Вывод Пи-Орриджа о жалком состоянии человеческой цивилизации приближается к структуре метафизики, ярко отражаясь эхом Ницше. Изображенный им портрет человечества иллюстрирует кризис XX столетия, опираясь на багаж предшествующих работ Ницше. Пи-Орридж видит подтверждение жизненности, столь необходимое умирающей культуре, и определяет ее как наложение желания на среду - определение, идентичное труду Ницше “Воля к власти”. Далее, прямо апеллируя к нему, Пи-Орридж говорит, что “Подтверждение существования есть искусство”, в то время как Ницше утверждает, что “Искусство, по существу, есть подтверждение, благословение, обожествление существования”. Хотя приведенные темы имеют какое-то сходство, порядок пунктов в определении не тот же самый, и потому значения существенно различаются. Ницше говорит, что “все в категориях искусства идентично вещам, подтверждающим Бытие”. По другую руку Пи-Орридж утверждает, что что-либо, подтверждающее Бытие, потому и является искусством, так как оно не имеет никаких других критериев для определения искусства в противоположность не-искусству, оно расширяется по знаменателю в художественных рамках. Он также прибавляет другой элемент к идеям Ницше: утеряв контакт с нашей внутренней духовностью и нашими внешними чувствами остается единственная цель - ретранслировать желание - наш self. Единственный способ выбраться - пожелать смерти в действительности, сыграть ее роль через самоуничтожение. Поэтому боль - действенный способ подтверждения существования: “Каким образом вы сможете ощутить себя "живым"?... Саморазвращаясь (через явное злоупотребление). Бросив вызов времени, вырождаясь, форсируя разрушительную роль смерти”. Таким образом, боль и самоуничтожение - самые реальные явления в исполнительском искусстве.
Отдельно развивая тему, Пи-Орридж далее подробно рассматривает свой персональный болевой опыт, используемый в перформансах Coum Transmissions. Подобно Факиру Мусафару, он признает персональное побуждение к членовредительству, но его побуждения более темны. Он говорит:
“Мне всегда нравятся опасности и неизвестность, что предохраняют меня, предостерегают и только усиливают напряжение акции, так как я включаю риск, боль, ожидание и действия, которые лежат в основе чувства минимального контроля, общедоступного любым наблюдателям. Я не получаю никакого мазохистского удовольствия от подобного риска, но я удовлетворяюсь мужественной встречей всех моих опасений и отказом от моего наследственного, ложных табу и неврозов, предлагая взамен потенциально открытую цепь мистерий, оказывающих влияние на зрителей”.

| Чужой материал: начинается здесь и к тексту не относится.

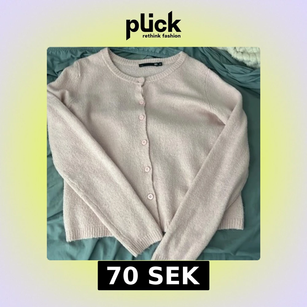 Säljer en söt ljusrosa stickad kofta från lager 157 i storlek XS. Koftan har rund halsringning, långa ärmar och knäpps med matchande rosa knappar framtill. Perfekt att slänga över en topp för en chill look.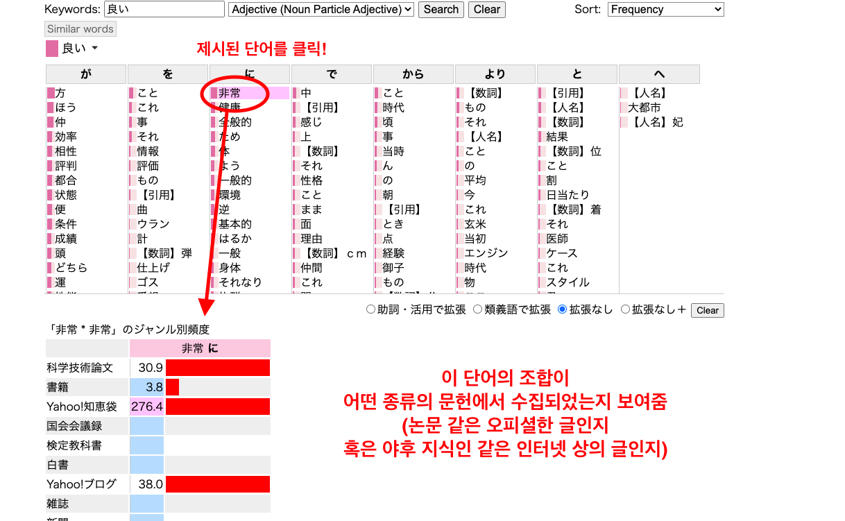 이 사이트의 대표적 서비스는 "같이 쓰여야 자연스러운 문장의 쌍(Colloation)"을 보여주는 것이다.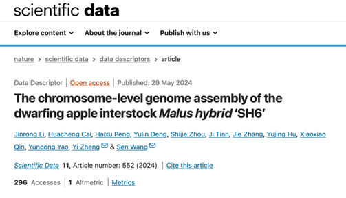 2. 2024年6月,williamhill中文郑轶团队联合山西农业大学果树研究所蔡华成副研究员在Scientific Data(IF=9.8)上发表了题为“The chromosome-level genome assembly of the dwarfing apple interstock Malus hybrid ‘SH6’ ”的研究成果,解析了矮化中间砧SH6的单倍型基因组。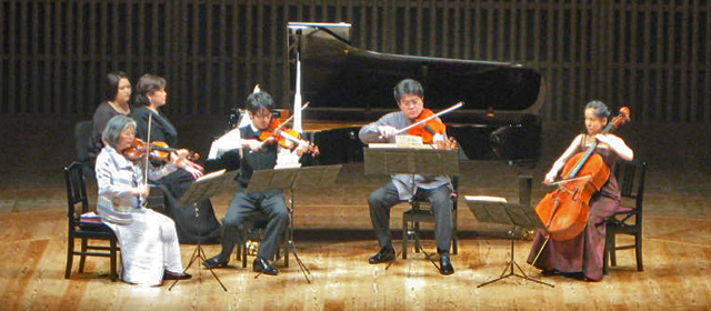 平成22年度京都大学創立記念行事音楽会を開催しました。(2010年6月17日) 6月18日の本学創立記念日を祝し、第54回京都大学創立記念行事音楽会「長岡京室内アンサンブルメンバーによる室内楽」を京都コンサートホールで開催しました。 梅雨の晴れ間の中、長岡京室内アンサンブルメンバーによる迫力のある演奏が、会場を優雅な雰囲気に包みこみました。 演奏の様子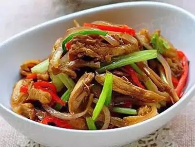 2. 锅内烧热油,先放葱姜炒香,再放干辣椒炒香,倒入撕好的鸡肉,炒匀,加少许生抽和盐,关火放入芹菜翻匀。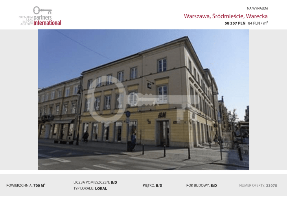 NA WYNAJEM Warszawa, Śródmieście, Warecka 58 357 PLN 84 PLN / m² POWIERZCHNIA: 700 M² LICZBA POMIESZCZEŃ: B/D TYP LOKALU: LOKAL PIĘTRO: B/D ROK BUDOWY: B/D NUMER OFERTY: 23078 Opis Lokal biurowy w eleganckiej kamienicy w centrum LOKALIZACJA w Centrum Warszawy mieści się obiekt, który odznacza olbrzymi potencjał biznesowy. Budynek znajduje się w bezpośrednim sąsiedztwie najbardziej popularnych restauracji i klubów, modnych butików czy galerii w Warszawie. Dlatego życie tutaj tętni od rana aż do zmierzchu. Niewielka odległość od Starego Miasta gwarantuje stały przepływ pieszych. Natomiast bliskość ważnej trasy komunikacyjnej w stolicy zapewnia łatwy dojazd samochodem. W niedalekim sąsiedztwie znajdują się liczne przystanki tramwajowe i autobusowe oraz stacja metra. Ponadto obiekt jest oddalony zaledwie 2 minuty od Ronda de Gaulle’a oraz 10 minut od Dworca Centralnego, co ułatwia dotarcie do niego przybywającym do Warszawy w celach biznesowych bądź turystycznych. To prestiżowa lokalizacja również ze względu na otoczenie. Znajdują się tutaj sklepy i wystawy najbardziej znanych, a niejednokrotnie ekskluzywnych firm odzieżowych. Usytuowanie budynku zapewnia doskonałą ekspozycję, warto więc dołączyć do ich grona. Pośrednik odpowiedzialny: Joanna Czapska (licencja zawodowa nr 4585)Przedstawiona wyżej propozycja nie jest ofertą handlową w rozumieniu przepisów prawa lecz ma charakter informacyjny. Wszelkie dane dotyczące nieruchomości uzyskano na podstawie oświadczeń Właścicieli bądź ich pełnomocników. Lokalizacja Katarzyna Joanna Czapska Katarzyna Joanna Czapska Ul. Koszykowa 10/19 00-564 Warszawa tel. (+48 22) 646 52 02 fax: (+48 22) 646 26 99 partnersinternational.pl Pośrednik odpowiedzialny: SEKRETARIAT PI telefon: 501551451 email: [email protected]

Таким образом, не отрицая влияния болезненных эффектов на собственную психику, Дженезис Пи-Орридж занимает выжидательную позицию, дабы извлечь пользу из того, что он связывает воедино (эта связь, как ожидается, должна задеть какой-то “процент” зрителей). Он нагнетает крайне напряженную обстановку, апеллируя к использованию боли как наисильнейшего возбудителя.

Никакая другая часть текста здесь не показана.